> WHAT IS REQUIRED: An exact copy is needed of the lines from the one that contains "train V 12921. |" through the final line of the data below, with pictures left out.

> DATA FOR THIS TASK:
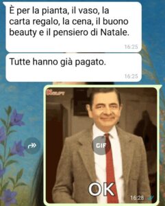 All’inizio penso sia una battuta. Poi vedo “ok, fatto bonifico!”, “va bene tesoro!”, “bonifico inviato!” e resto di sasso.
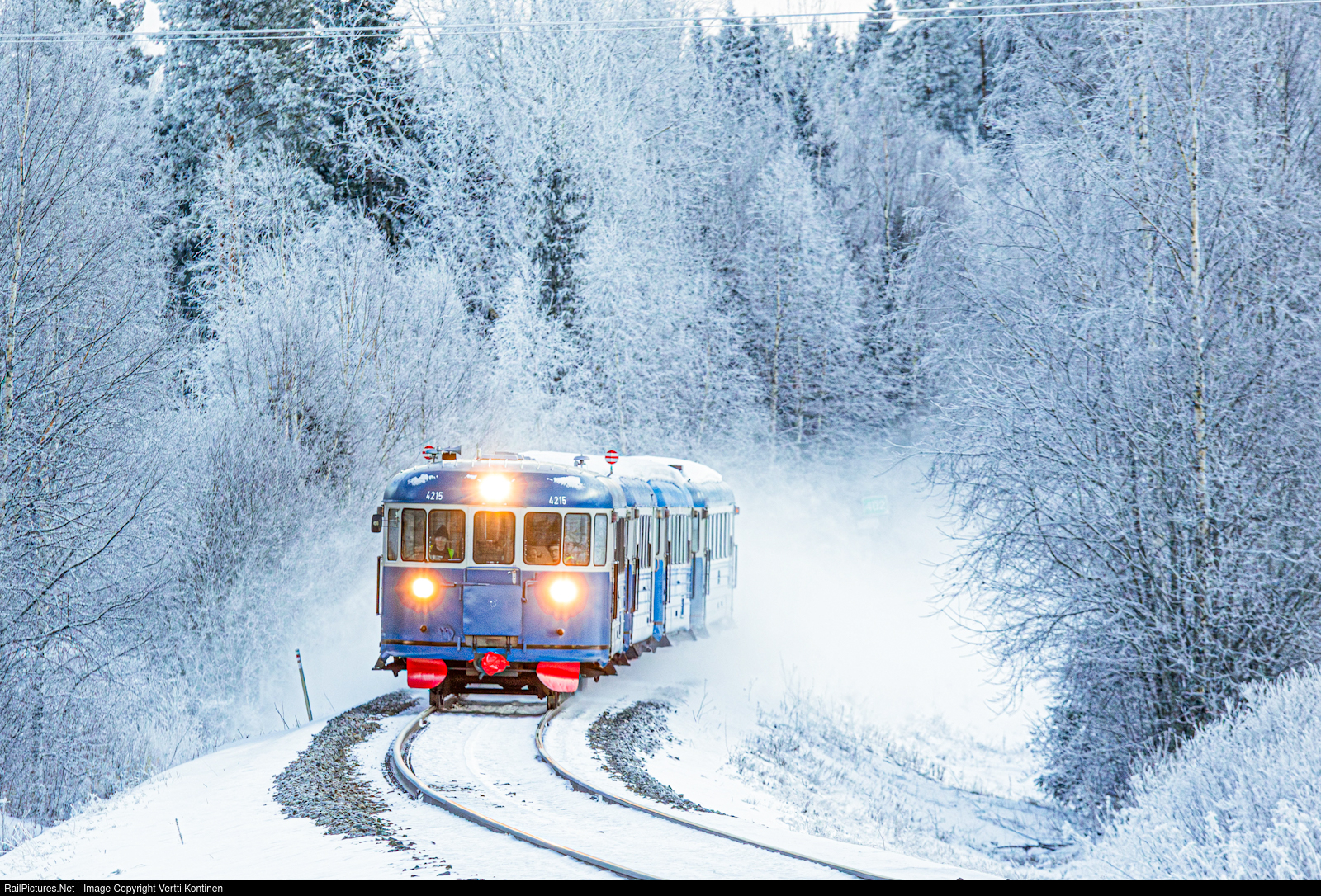 | Haapamäen Museoveturiyhdys ry Dm7 diesel railcars travelling to Seinäjoki where they will spend the winter in a roundhouse rented for essential maintenace over the winter. The roundhouse at Haapamäki isn't heated, so doing repair work can be challenging in freezing tempatures. Here the three Dm7 railcars and an unpowered baggage car are seen in the middle of a winter wonderland in Koura, Seinäjoki as they near their destination as train V 12921. |
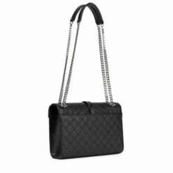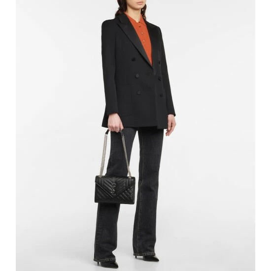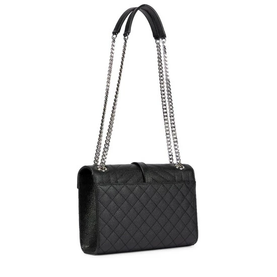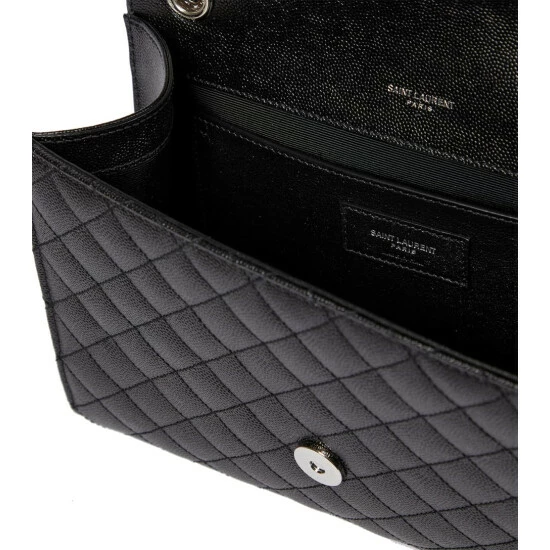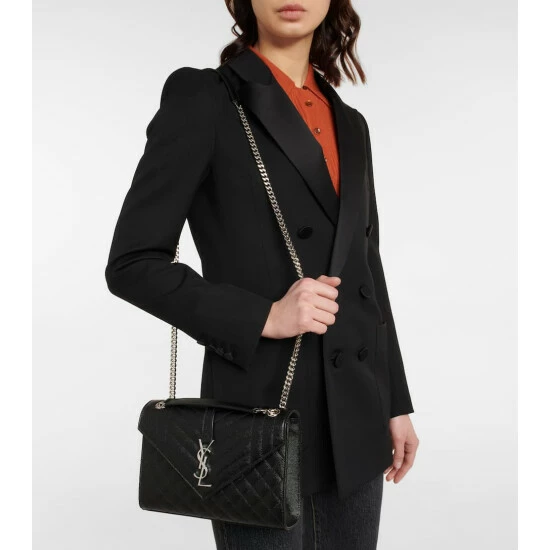 Saint Laurent’s Envelope Medium shoulder bag leads the way for elegant accessories. It’s crafted from black grained leather that’s chevron- and diamond-quilted at places, and carries a signature interlocking YSL emblem at the front.
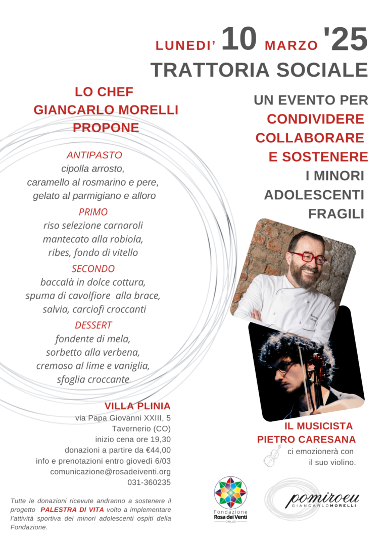 Prosegue la rassegna delle Trattorie Sociali della Fondazione Rosa dei Venti onlus. Il prossimo appuntamento è lunedì 10 marzo alle ore 19.30, presso Villa Plinia a Tavernerio, con lo chef Giancarlo Morelli, del ristorante Pomiroeu di Seregno (MB). Morelli tornerà nelle cucine della Fondazione per guidare i ragazzi nella preparazione
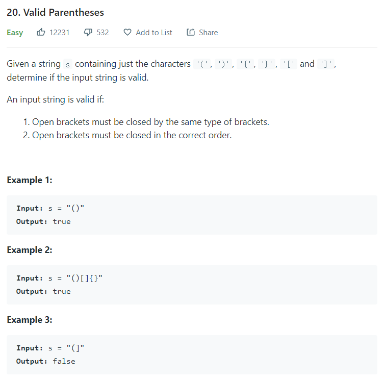 괄호가 정상적인지 찾는 스택의 대표 문제
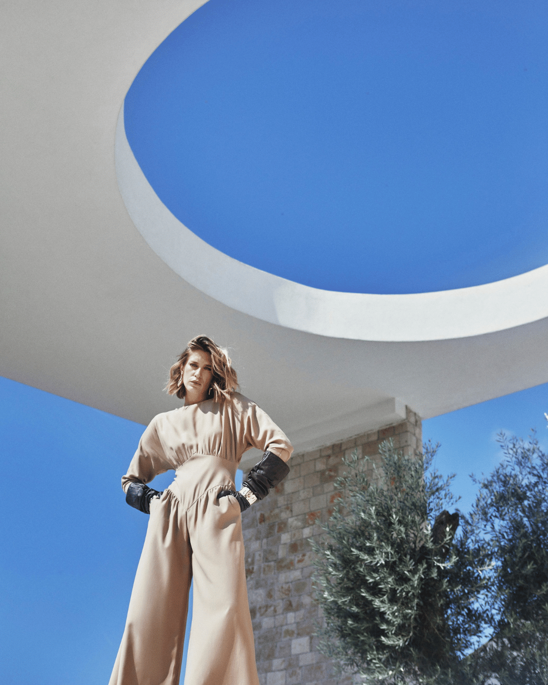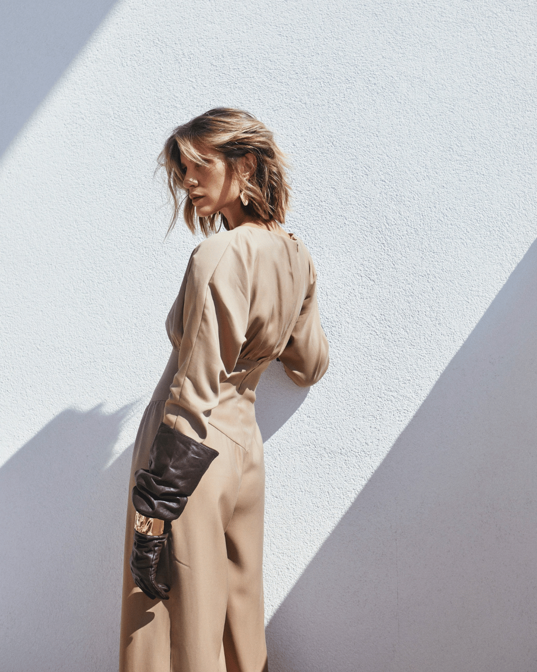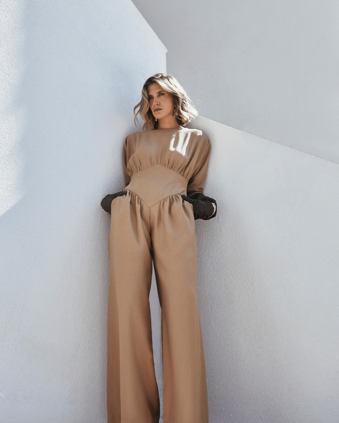 Kombinezon u toploj kamel nijansi izrađen ot prijatnog tencela, ističe ramena i stvara volumen u gornjem delu, dok se struk sužava integrisanim pojasom, naglašavajući ženstvenu siluetu. Nogavice se šire, pružajući slobodu pokreta i elegantan, produženi efekat figure.

> RESULT BELOW:
 | Haapamäen Museoveturiyhdys ry Dm7 diesel railcars travelling to Seinäjoki where they will spend the winter in a roundhouse rented for essential maintenace over the winter. The roundhouse at Haapamäki isn't heated, so doing repair work can be challenging in freezing tempatures. Here the three Dm7 railcars and an unpowered baggage car are seen in the middle of a winter wonderland in Koura, Seinäjoki as they near their destination as train V 12921. |
 Saint Laurent’s Envelope Medium shoulder bag leads the way for elegant accessories. It’s crafted from black grained leather that’s chevron- and diamond-quilted at places, and carries a signature interlocking YSL emblem at the front.
 Prosegue la rassegna delle Trattorie Sociali della Fondazione Rosa dei Venti onlus. Il prossimo appuntamento è lunedì 10 marzo alle ore 19.30, presso Villa Plinia a Tavernerio, con lo chef Giancarlo Morelli, del ristorante Pomiroeu di Seregno (MB). Morelli tornerà nelle cucine della Fondazione per guidare i ragazzi nella preparazione
 괄호가 정상적인지 찾는 스택의 대표 문제
 Kombinezon u toploj kamel nijansi izrađen ot prijatnog tencela, ističe ramena i stvara volumen u gornjem delu, dok se struk sužava integrisanim pojasom, naglašavajući ženstvenu siluetu. Nogavice se šire, pružajući slobodu pokreta i elegantan, produženi efekat figure.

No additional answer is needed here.